• Recorded information:
· · · · ·

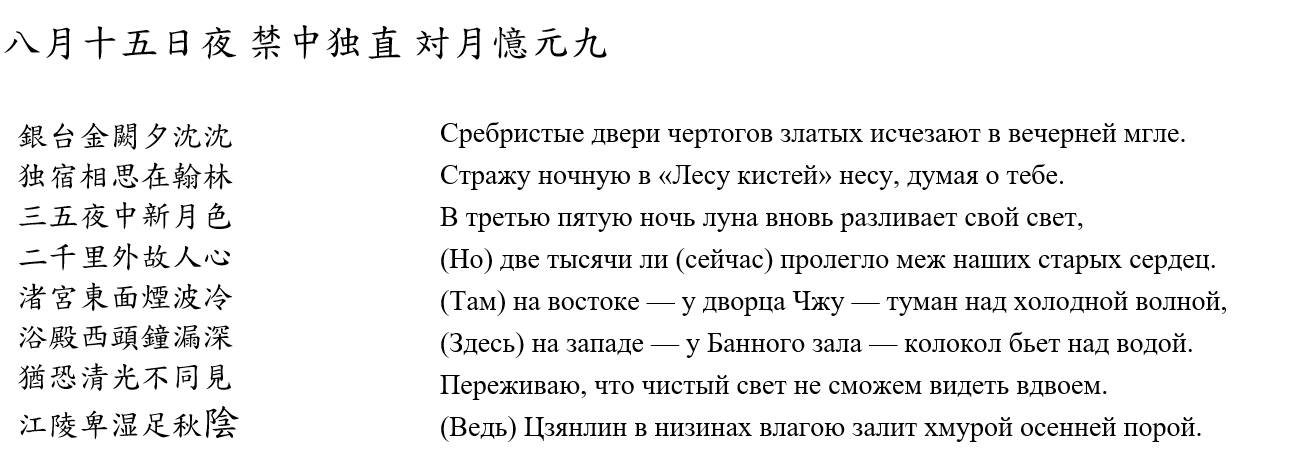 В завершение всего – надежда и опасение, надежда на то, что, даже находясь в разлуке, они могут вместе смотреть на одну и ту же луну и любоваться ее чистым, подобно воде, светом, а опасение в том, что Цзянлин расположен в низине и осенью в нем всегда сыро, промозгло и хмуро, поэтому луну за дождевыми облаками друг может и не увидеть.
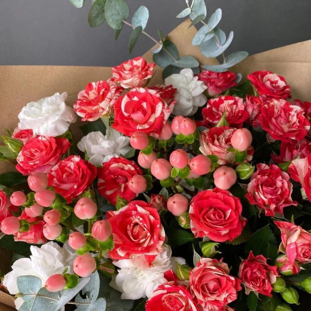 Роза кустовая – 5 шт.Эвкалипт – 3 шт.Лента атласная – 1 шт.Диантус – 4 шт.Крафт упаковка – 2 шт.гиперикум ягоды розывые – 2 шт.
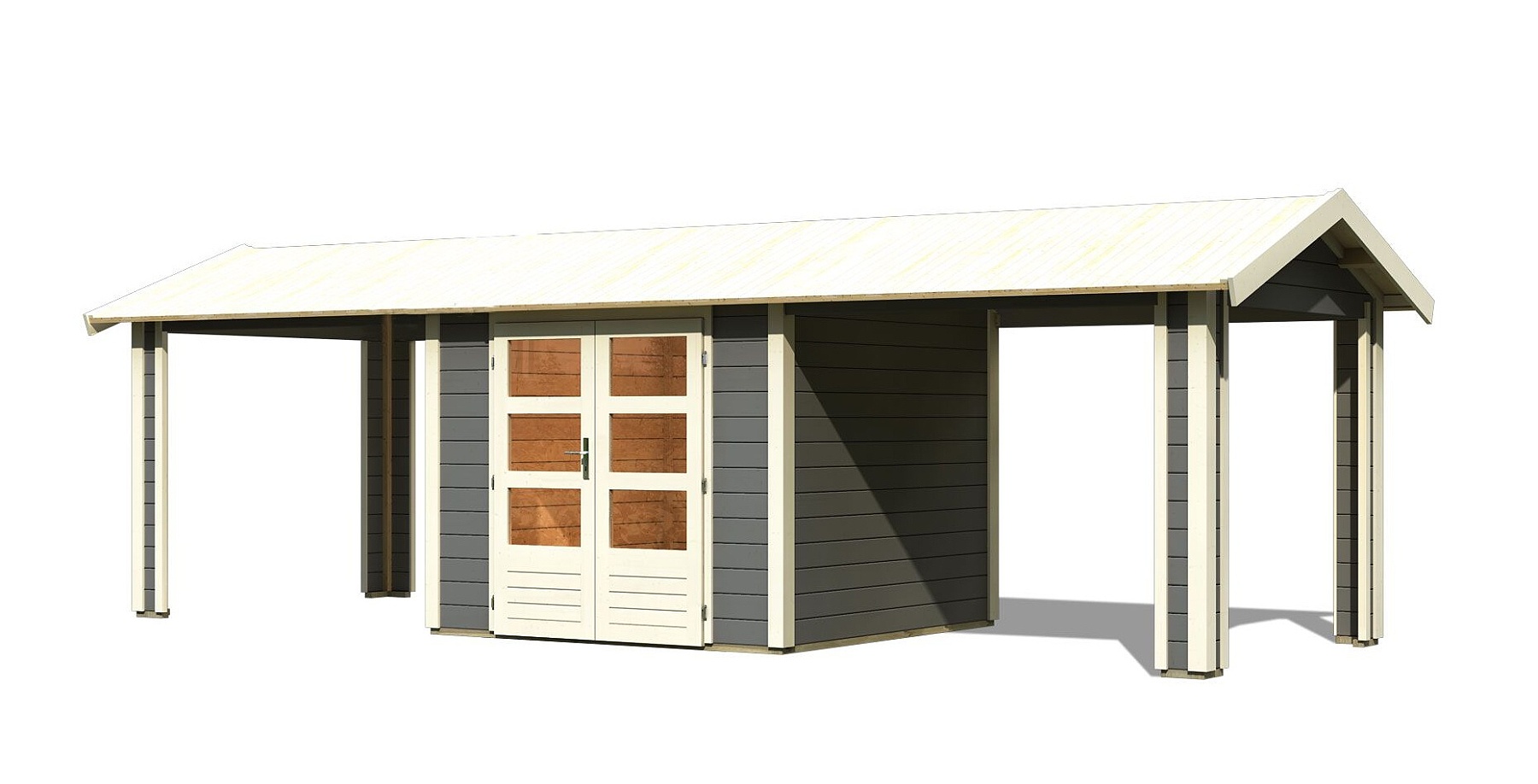 dřevěný domek KARIBU THERES 3 vč. dvou přístavku (31457) terragrau

· · · · ·

Word for word, repeat only the lines from the line containing "Роза кустовая –" through the end of the data, without any pictures.

• Task response:
 Роза кустовая – 5 шт.Эвкалипт – 3 шт.Лента атласная – 1 шт.Диантус – 4 шт.Крафт упаковка – 2 шт.гиперикум ягоды розывые – 2 шт.
 dřevěný domek KARIBU THERES 3 vč. dvou přístavku (31457) terragrau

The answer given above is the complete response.